She was anxious. The baby had to be taken by emergency c-section, so she hadn’t held her yet.
“I’m her mom…I want to hold my baby!”
“Be patient”, said her daddy – my husband. “Your will have that girl for another 18 years.”
“Only 18?” I asked. “Seriously?” They all laughed, because right now one of our 24 year old boomerang children is living with us. Being a parent is a lifetime commitment…one we all gladly take on. And now as grandparents, we had another precious life to treasure.
This latest granddaughter was born premature. Her sweet, little body was hooked up to oxygen. But she was perfect. She was beautiful. And I knew in my heart she would be just fine.
Amidst all the hectic energy in the hospital, I was able to find some alone time with this beautiful bundle of magical innocence. I put my finger down next to her hand and she grabbed it tightly in her tiny fist. I breathed a prayer, and silently watched her as I sent peaceful and loving thoughts and energy her way. Her laborious breathing competed with the beeping of the monitors. I only had a few minutes with her, so then and there I vowed to always watch out for her.
Her mommy was strong. She would not physically need my help raising her daughter. No, what I was offering was a gift of pure and honest (yet selfish) love. The love only that of a grandparent can offer. In my short and silent offering, I promised her cookies before dinner, piggy back rides, staying up late with me to watch princess movies, shopping for clothes that weren’t logical (bought purely for their cuteness factor), roller coaster rides, tea parties, pink painted toenails and long talks whenever they were wanted, wished for or required. I vowed to be her silent guardian – one of the many that will love her with all their might.

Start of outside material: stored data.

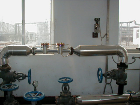 根據重油、煤焦油的黏度大、易凝結和雜質多的特點, 成功開發了防凝堵的重油、煤焦油流量計,克服了有運動部件的重油流量計易堵塞和不能用蒸汽吹掃的缺點。采用差壓測量原理、沒有運動部件、可以用蒸汽吹掃,用蒸汽保溫防止重油凝結。
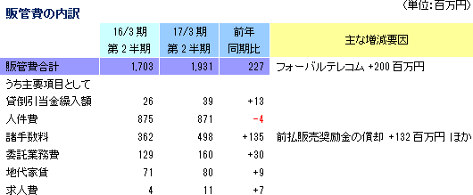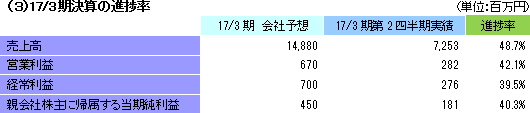 売上高は前年同期比9.1%増の72億53百万円。売上面は、新サービス(光コラボ・AmaVo)の拡大によりIP&Mobileソリューション事業で増加した。一方、前期の大型案件が終了した影響によりドキュメント・ソリューション事業で、更に、保険業法の改正の影響を受けたコンサルティング事業で減少した。営業利益は同14.0%減の2億82百万円。収益性の高いストック収益が増加したIP&Mobileソリューション事業で増加したものの、大型案件が終了した影響よりドキュメント・ソリューション事業と保険業法改正に対応するコストが増加したコンサルティング事業で減少した。売上総利益率は、30.5%と前年同期比0.1ポイント低下した。また、ISPサービスの獲得に伴う営業費用(販売コミッションの償却費)の増加や光コラボ関連の業務委託費の増加などにより、売上高対販管費比率は、26.6%と同1ポイント上昇した。また、営業外費用で貸倒引当金繰入額41百万円を計上したことなどにより経常利益は同21.3%減の2億76百万円と営業利益の減益率を上回った。その他、特別損益の大きな計上はなかった。 ![]() ![]() ![]() ![]() IP&Mobileソリューション事業 売上高52億76百万円(前年同期比18.7%増)、セグメント利益1億25百万円(同233.5%増)
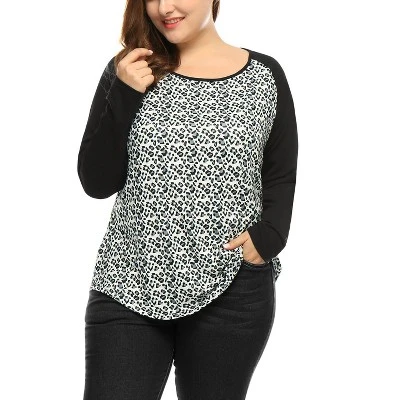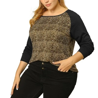 - Scoop Neck, Raglan Sleeves, Leopard Print, Color Contrast, Slightly Round Hem
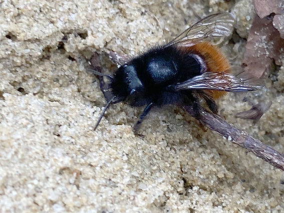 Bij een controle op 19 maart zijn er meteen op meerdere plekken gehoornde metselbijen gezien. Dat is goed nieuws! Vorig jaar werd deze bij voor het eerst sinds 200 gezien in de Kadoelerscheg. Dit jaar is hij al vaker waargenomen.
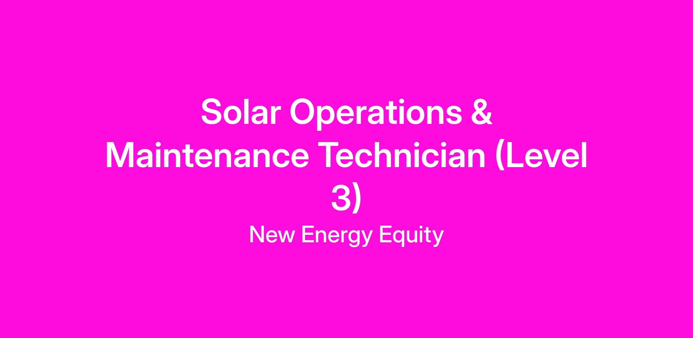 Are you a skilled electrician with a passion for renewable energy? Do you enjoy troubleshooting complex systems and working outdoors? Join Energy Support Services, a subsidiary of New Energy Equity, as an O&M Technician Level 3! In this role, you’ll lead complex inspections, troubleshooting, and repairs on solar energy systems. As a technical expert, you'll provide guidance and training to junior technicians while ensuring our solar projects operate at peak efficiency. If you’re passionate about renewable energy and ready to make an impact, we want to hear from you. Join us and help drive the future of clean energy!
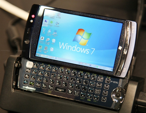 | Fujitsu F-07C chạy cả hai hệ điều hành Symbian và Windows 7. Ảnh: Mydrivers. |
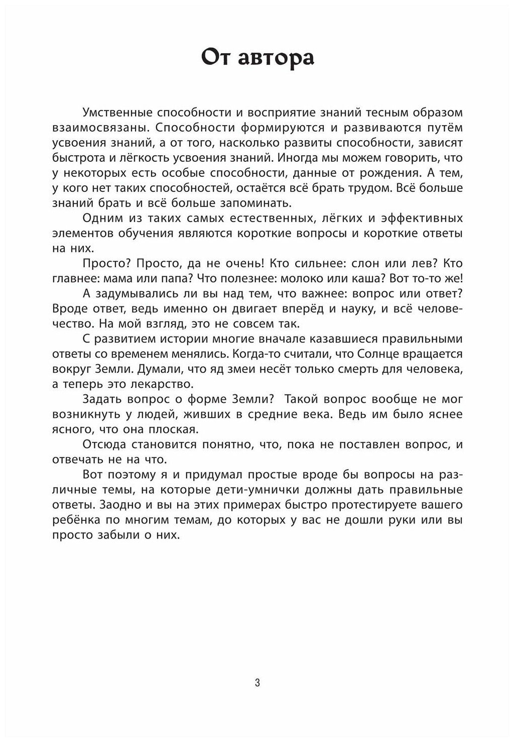 Одним из самых естественных, лёгких и эффективных методов обучения являются короткие вопросы и короткие ответы на них. В такой сжатой форме подачи материала можно уместить огромный объём легко воспринимаемых знаний для дальнейшего формирования умственных способностей ребёнка.
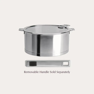 Thanks to the efficiency of their CRISTEL® L Shape thermo-diffuser base, compatible with induction, the Strate®Detachable handle system fits all kitchen sizes and will be a valuable ally for all your culinary preparations. Practical, the detachable handle system makes it possible to transform your stainless steel vessel into a serving dish by replacing the long handle with short handles.

I am not trying to compete. I am not trying to be the favorite. This little agreement is just between the two of us…nobody else has to know. The important thing is that I know – and someday so will she. It is quite simple really: it is the undying and indescribable love that comes from a grandparent. A person never really knows this feeling until that magical moment arrives. And it doesn’t matter how many grandchildren one has…they all will take your breath away and leave you feeling like you really did accomplish something wonderful during your time on this earth.
She’s only been on this earth a few short hours. I was only able to see her for a few short moments. But the short time was precious and it gave me a glimpse of the future moments and what a treasure they will be. Each and every moment with her will be a gift I look forward to.
Even though they are only “ours” for a short while, our own kids are leaving us with legacies that last a lifetime: the gift of their own children. And when we look in our grandchildren’s eyes and see our own babies, and the unconditional love that we had for them when they were born, it makes the circle of life even sweeter. And that certainly makes the 18 (or 24) years they were with us totally worthwhile.